Mattress Sizes: Shopping for a Kid’s Room or the Guest Room

Some buyers aren’t hunting for a mattress for personal use, but maybe for a kids’ room or a guest room. So how do you choose the perfect mattress for someone else?

Kid-Friendly: Twin & Twin XL

Many buyers choose twin beds for kids. This mattress size is the perfect choice for bunk beds and single beds. Growing kids—especially grade schoolers—don’t need a ton of space.

Parents also may want to maximize floor space for toys, desks and other furniture, and the smaller size of Twin mattresses make them easier to nudge into corners.

Twin XL though, is a great choice for teens, especially when they are hitting growth spurts. The mattress still takes up less width in the room, but the longer length gives growing bodies more space. Many college dorm rooms have Twin XL mattresses.

The Case for Full

Full beds provide more width than a twin, but the length is the same. So this mattress size is great for kids or teens who like to move around in their sleep or just need more space for favorite toys or more pillows.

While you may be leaning towards a full mattress for a guest room, this mattress size might not be a sufficient size for some guests (especially for couples).

Queen, King and California King

Queen is one of the most popular mattress sizes for couples…and many choose this mattress size for guest rooms too. The measurements are generous for couples and the size doesn’t overwhelm a smaller guest room.

King might be a great choice for a larger guest room, but, again, buyers really need to look at the room’s size to see if a larger mattress (and bed) is the best choice.

King and California King also are more expensive. If you’re looking to furnish a guest room, your budget might be limited.

Sizing it All Up: The Mattress Chart

So how do you visualize the size of a mattress if you’re buying online? How can you see the size difference between all six standard sizes? While you may see a difference of 1” between different manufacturers, Twin, Twin XL, Full, Queen, King and California King are all basically the same length and width for a given size.

Mattress Chart: What about the Box Spring

If you’re reviewing the mattress dimensions chart, you may spot something amiss. There is no mention of the box spring and its dimension.

Many buyers choose a box spring to add more support to the mattress. But this is not a necessity. Box springs are an option, not a must.

If you want to use a box spring under your mattress, what size box spring should you choose? This isn’t too complicated, as box springs come in the same dimensions as their mattress counterparts.

But there are a few exceptions: King and California King. These two mattress sizes actually require two Twin (or Twin XL for California King) box springs.

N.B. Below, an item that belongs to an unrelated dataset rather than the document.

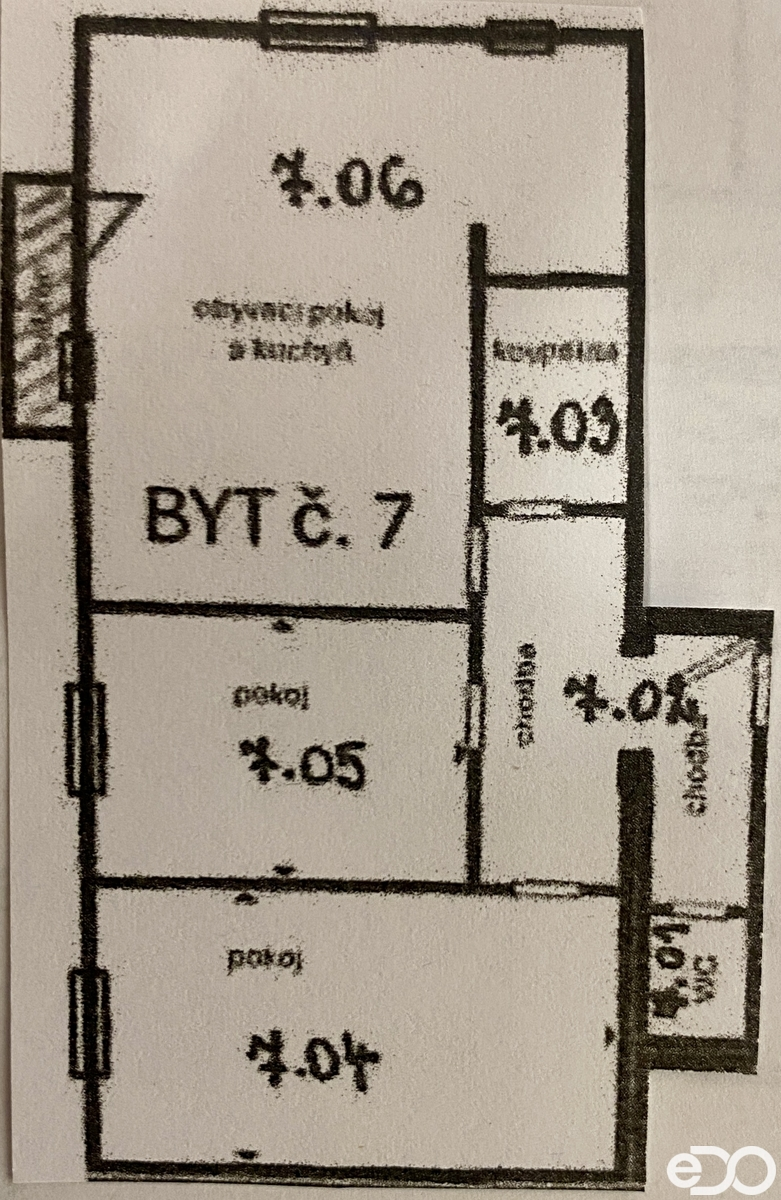Nabízíme Vám k prodeji poslední volný byt v bytovém domě o 11 bytových jednotkách. Jedná se o byt 3+kk s balkónem, nacházející se ve zvýšeném přízemí domu, jehož orientace je na JZ s výhledem do zeleně. Tento největší byt v domě, o velikosti 76 m2, nabízí komfortní bydlení pro celou rodinu. Nadstandardně velký obývací pokoj umožní majiteli nenákladné zvětšení kuchyňského koutu dle jeho vlastního vkusu. Rovněž výjimečná velikost jedné z ložnic nabízí možnost pro vytvoření šatny či řešení úložného prostoru pomocí dostatečného množství skříní. Tento byt z jedné strany sousedí se společnou sušárnou, což poskytuje více klidu i soukromí. K bytu náleží sklepní kóje a to největší parkovací místo na parkovišti přímo u domu.

If you’re purchasing twin mattresses for bunk beds, then you don’t use a box spring. Instead bunkie boards are used beneath the mattress to provide additional support.

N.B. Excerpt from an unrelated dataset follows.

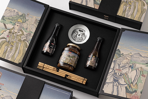 盒身以古典「書型盒」型態設計,瓶身印有素還真與葉小釵圖案,木筷上別出心裁地刻下素還真的稱號「清香白蓮」與葉小釵盛名「刀狂劍癡」,對狂熱的布袋戲粉絲而言,簡直是量身訂製的驚喜好禮。打開禮盒如同「開卷有益」,以置中對開的設計,呈現角色張力與浮世繪的魅力,更以義大利進口的美術紙做為禮盒印刷材料,展現古樸的藝術質感,內部黑色卡紙則襯托聯名醬油碟、木筷的精緻感與獨特性。由手提袋、盒身到內容物,細膩的製作彰顯禮盒的精緻度與收藏價值,即使油膏、蔭油、與XO醬都吃完了,禮盒與瓶子也會令人捨不得丟,想留下來當傳家寶。

Some bed frames also provide a board that supports the mattress, and this makes a box spring unnecessary.

Of course, some people just don’t want a spring below their mattress. Again, the choice is all about personal comfort.

While the most common mattress dimensions are Twin, Twin XL, Full, Queen, King and California King, many factors determine the size that each buyer selects. Your body type, height, budget, sleeping habits, sleeping partners and bedroom size all affect the mattress size you purchase.

If you’re confused, use the mattress dimension guide to visualize the measurements of each size to help determine the perfect fit for your lifestyle and bedroom…and ensure the sweetest dreams every night.